We studied desensitisation over a 6 month period, rather than tolerance after cessation of treatment, because stopping OIT after a median of 9 months has been shown to lead to loss of desensitisation. It is probable that long-term peanut protein ingestion will be needed to provide continued protection from accidental exposure, perhaps for several years. This view is supported by immunological investigation; during peanut OIT, we showed evidence of basophil and mast-cell desensitisation and other groups have shown a gradual change in peanut-specific T-cell-surface markers from Th2 to Th1 phenotype. Long-lived terminally differentiated IgE secreting plasma cells survive in the bone marrow in this environment for years, consequently, peanut specific IgE levels persist for several years after starting OIT, despite apparent clinical desensitisation.

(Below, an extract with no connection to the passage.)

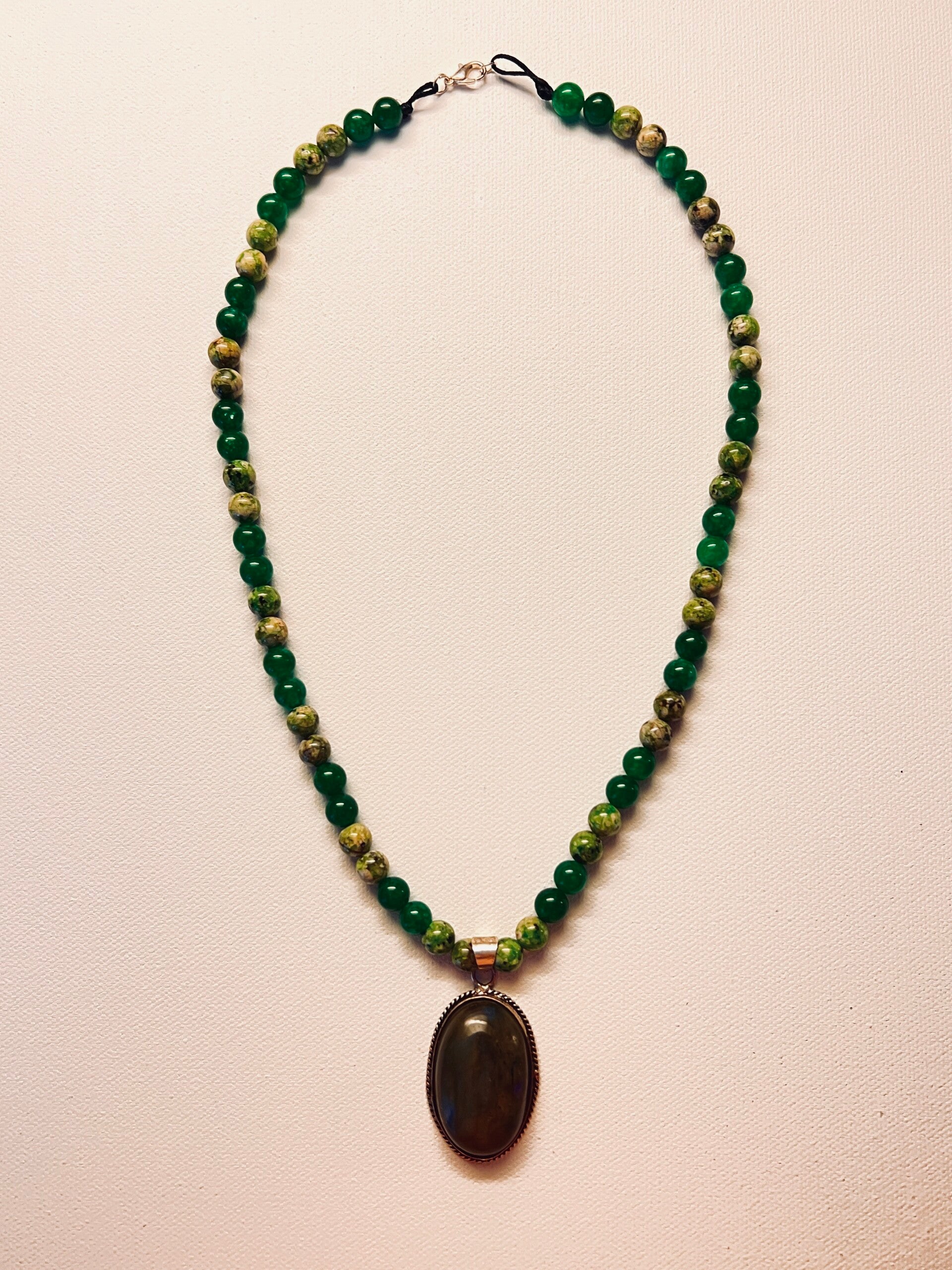 Zoisite and Malachite neckless with Labradorite Pendant.

Unsurprisingly there were many more allergic events during active treatment than during periods of peanut avoidance. The safety data in this trial show most adverse events were mild and due to gastrointestinal symptoms (eg, oral itching), as expected from the route of administration. Skin reactions were uncommon (urticaria after 0·16% of doses). Reactions involving wheezing occurred after 0·41% of doses, or roughly one fifth of participants. Although wheezing could be taken as a sign of a more severe reaction, in all but one participant it was mild and responded to standard doses of inhaled bronchodilator drugs. One participant self-administered adrenaline at home with good effect on two occasions for wheezing after his peanut OIT doses—he was withdrawn from the study. No participants had hypotension.

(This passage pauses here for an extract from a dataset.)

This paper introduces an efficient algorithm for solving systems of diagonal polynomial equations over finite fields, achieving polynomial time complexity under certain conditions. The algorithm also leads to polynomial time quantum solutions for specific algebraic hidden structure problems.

We previously devised a new regimen with a standard starting dose for all participants, because our pilot study showed that tailoring the starting dose to individual thresholds commonly resulted in adverse events, even at low doses. This regime is therefore better tolerated and an improvement. From the limited data available in published work it is apparent that the speed of the updosing schedule has a greater negative effect on safety and efficacy than the size of the maintenance dose, with semi-rush regimens showing less efficacy and more common reactions.28, 29 We therefore used a gradual updosing regimen.

Prognostic factors were explored with Tobit regression. Treatment with OIT was, unsurprisingly, the most influential positive factor. Serum peanut-specific IgE, age, and family history were also associated with a negative effect on NOAEL (weight had a weak effect). These are all prognostic factors that one would intuitively think would make immunotherapy more difficult, and need further study.